+++ COLLECTED DATA +++

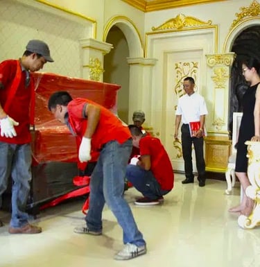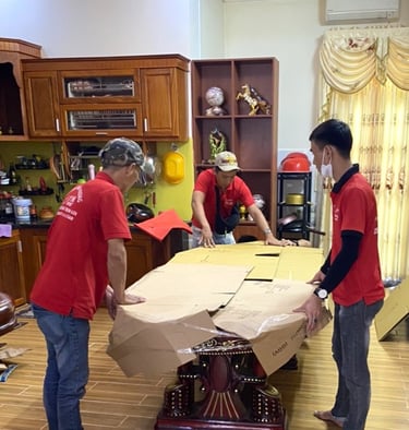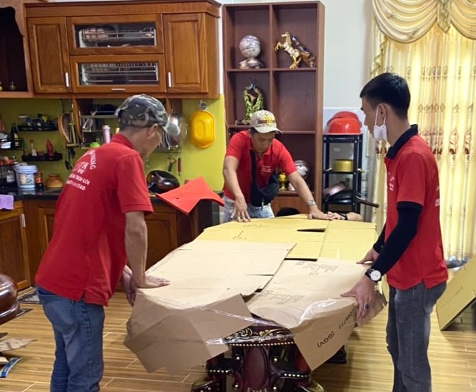 Bàn ghế nội thất trong nhà được bọc bằng thùng carton hoặc dùng mút chống sốc nhằm tránh va chạm, tránh bể vỡ trong quá trình vận chuyển
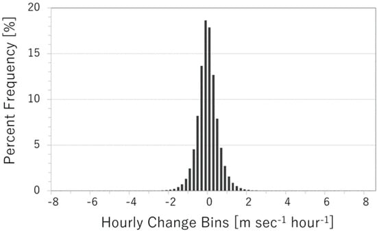Percent frequency of the hourly changes in one-year 100-m onshore wind speed for all the horizontal grid points.
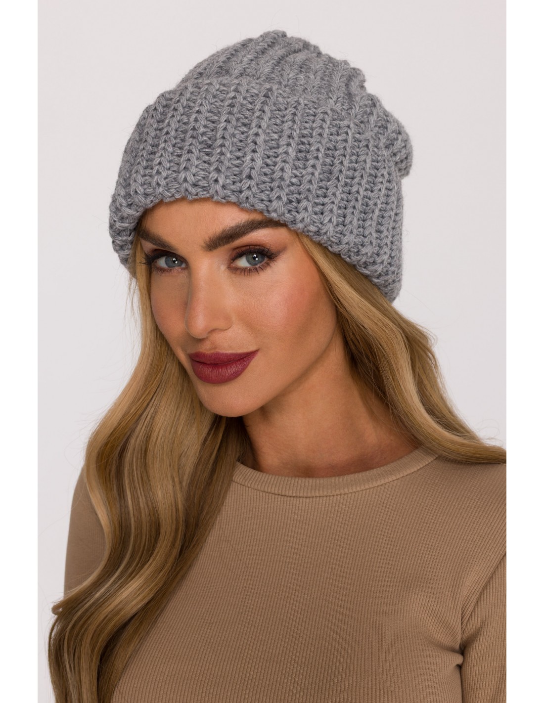 DM1490 Czapka z miękkiej przędzy o grubym splocie - szara

+++

**WORK INSTRUCTIONS:** Give back all of the material exactly, though without the images it contains.

**EXPECTED ANSWER:**
 Bàn ghế nội thất trong nhà được bọc bằng thùng carton hoặc dùng mút chống sốc nhằm tránh va chạm, tránh bể vỡ trong quá trình vận chuyển
Percent frequency of the hourly changes in one-year 100-m onshore wind speed for all the horizontal grid points.
 DM1490 Czapka z miękkiej przędzy o grubym splocie - szara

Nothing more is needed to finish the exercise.